[ale] dd & unexpected soft update inconsistency, HUH ?

Fri Apr 15 14:37:21 EDT 2005

On Fri, 2005-04-15 at 11:47, Greg Freemyer wrote:
> On 4/15/05, Courtney Thomas <ccthomas at joimail.com> wrote:
> > On Fri, 2005-04-15 at 08:49, Stephan Uphoff wrote:
> > > On Fri, 2005-04-15 at 09:25, Courtney Thomas wrote:
> > > > I've been using dd for years to mirror my server HD without problems.
> > > >
> > > > The command used is:        dd if=< original HD > of=< mirror HD >
> > >
> > > I don't think dd is a good idea on a life file system ....
> > > ...but you probably know this so let's ignore this for now.
> > >
> > 
> > Stephen,
> > 
> > Thank you for your help  :-)
> > 
> > I'm not doing this on a live file system. I'm booting up with a CD and
> > doing this on unmounted filesystems.
> > 
> > > > However, yesterday, for the first time, when I do this, I get the error:
> > > >
> > > >     UNEXPECTED SOFT UPDATE INCONSISTENCY
> > > >
> > > > This happens to mirror HD /usr only.
> > > > Mirror HD / and /var do not exhibit this problem.
> > > >
> > > > If I fsck the mirror HD, all is OK except mirror HD /usr in which I get
> > > > a plethora of errors complaining about soft update inconsistencies.
> > > >
> > > > If I attempt to examine mirror HD /usr with ls -l, I see there's also a
> > > > raft of BAD FILE DESCRIPTORs.
> > > >
> > > > Further, the dd completion screen shows... an error coming from the
> > > > original HD, i.e. not the mirrored HD, drive. It only reports "[original
> > > > HD] input error". But when I fsck all partitions of that original HD,
> > > > all is reported as satisfactory.
> > >
> > > Looks like you have a bad sector somewhere on the disk.
> > 
> > I agree it looks like it, maybe. But why doesn't fsck find this ?
> > 
> > > Is there something in the log file?
> > 
> > Which log file ?
> > 
> > > The /usr partition is probably only partially copied.
> > 
> > You are correct on this too.
> > >
> > > You can try the following:
> > > 1) tar up /usr so that all used data blocks will be read.
> > >    This may indicate an unreadable file .. or you may be lucky and the
> > > bad sector is in unused space.
> > 
> > tar needs a mounted filesystem right ? [I don't use tar.]

Yes

> > 
> > > 2) Locate the defect sector (dd to /dev/null with offset,counts...)
> > 
> > > 3) Write zeroes to the defect sector to "repair" it and fsck..
> > 
> > I understand the writing zeroes to the bad sector using an offset, but
> > how do I exactly determine how many zeroes to write ?

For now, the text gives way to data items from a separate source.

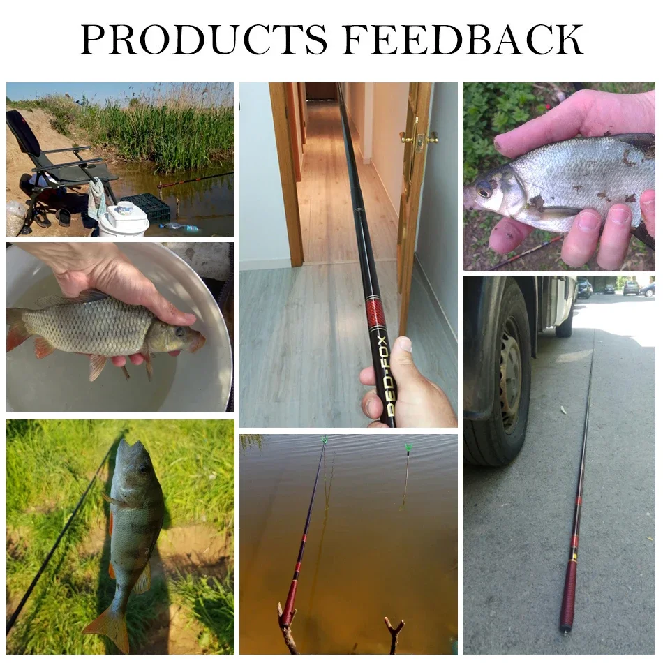 Caña de pescarCaña de pescar manual de corriente telescópica RED-FOXPotencia: 3/7Acción: rápidoMaterial: fibra de carbonoTamaño: 3,0 M/3,6 M/4,5 M/5,4 M/6,3 M/7,2 MPeso de prueba: 1,5-2,0 kgLongitud cerrada: 72cmFlotador de pescaMaterial: PMI FOAM. Longitud completa: 41,5 cm. Longitud del pie: 12cm. Longitud de la cola: 20,5 cm. Flotabilidad: 3,56G.Aparejo de pescaCuentas de ladrón de primera calidad: proporciona la máxima protección a los nudos y componentes de la plataformaResto del flotador ladrón: sostiene el flotador firmemente, excelente hermeticidad al aireHojas de plomo: adoptando tecnología de biselado, menos resistencia al agua, más rápido en su lugar, prevención efectivaGrietas de plomoCarrete/carrete EVA: suave, delicado y duradero, no abrasivo para las líneas.El paquete incluyeCaña de pescar + flotador de pesca + aparejo de pesca + tres puntas superioresEspecies objetivo: carpa, perca, barbo, besugo, Cacho, cucaracha, Tenca, trucha, etc.Aplicación: Río, lago, Arroyo, canal, estanque y depósito, etc.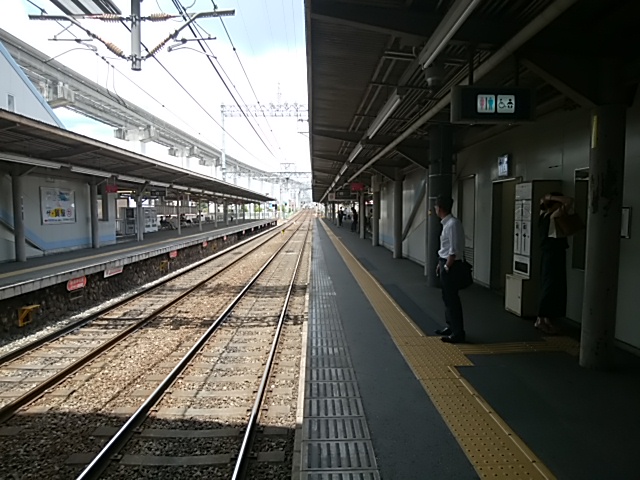 阪急電車の蛍池駅の構内です。暑い昼間なので線路も曲がりそうです。向こうのほうは石橋、池田の方向で宝塚まで伸びています。一方、後方は梅田まで伸びています。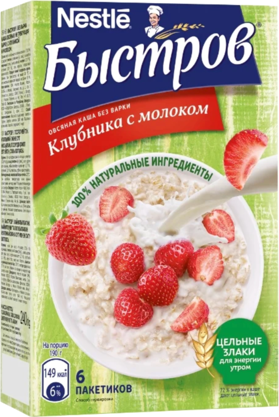 Быстров Каша овсяная Клубника с молоком без варки, порционная (6 шт.)

Mhhh... doesn't dd tell you how many bytes it copied?
Then with a block size of 512 bytes and a block count of one you can use
iseek to try to copy sector by sector.

> > Also, I assume you recall that fsck gives no error message now.

fsck only reads meta data - it does not try to read the actual file
data. If you are really,really lucky the bad sector is even unallocated.

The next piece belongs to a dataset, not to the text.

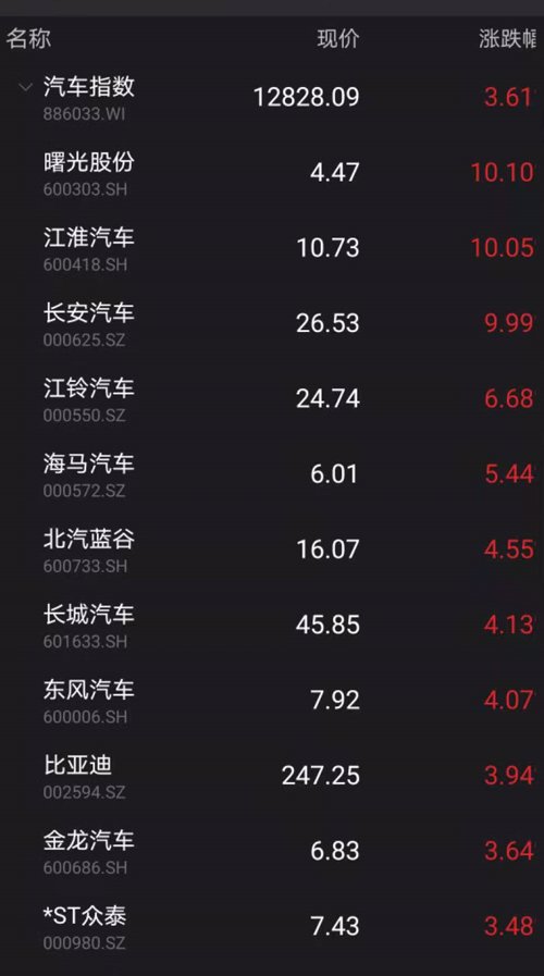 今天,涨幅靠前的板块均是和新能源汽车相关的产业链。

> > > 4) Restore the file that was not readable in 1)
> > >
> > > I believe that there are disk repair tools in the ports tree but never
> > > had the need to try them.
> > >
> > > > What's goin' on here and how can I remedy it. This is my gateway server
> > > > and I urgently need to resolve this.
> > > >
> > > > Appreciatively,
> > > >
> > > > Courtney
> > > >
> 
> Basically it sounds like your disk crapped out.
> 
> Trying to salvage the old disk itself is likely a waste of time and
> will lead to future problems.

Yes and no.
A single read error does not mean that a disk is crapping out.
On most IDE disks the specs rate one bit error in 10^14 bits. (SCSI is
usual 10^15)
A power failure while writing a sector will also destroy a sector.
I believe 20% of disks returned to some manufacturers are just send out
again after testing without any repair being done.  

> I know you were trying to make a backup, but do have a recent one you
> could use?
> 
> If you do have to disk recovery of the data, I would reperform your dd as:
> 
> dd if=/dev/orig of=/dev/target conv=noerror,sync
> 
> Then run fsck etc. on the new disk.  Or better yet on a cc copy of the
> new disk.  ie. Save away the dd image for repeated recovery attempts.

I totally agree.

> In the above, noerror says to continue copying even in the presence of
> errors.  sync says to fill the failed read blocks with zeros. 
> (Default behavior is to skip the block.  Very bad if you need to
> reconstruct the filesytem because the offsets will be wrong.)
> 
> You can also try dd_repair (I think).  I have not used it, but it is
> designed to get data off of a failing disk.
> 
> Greg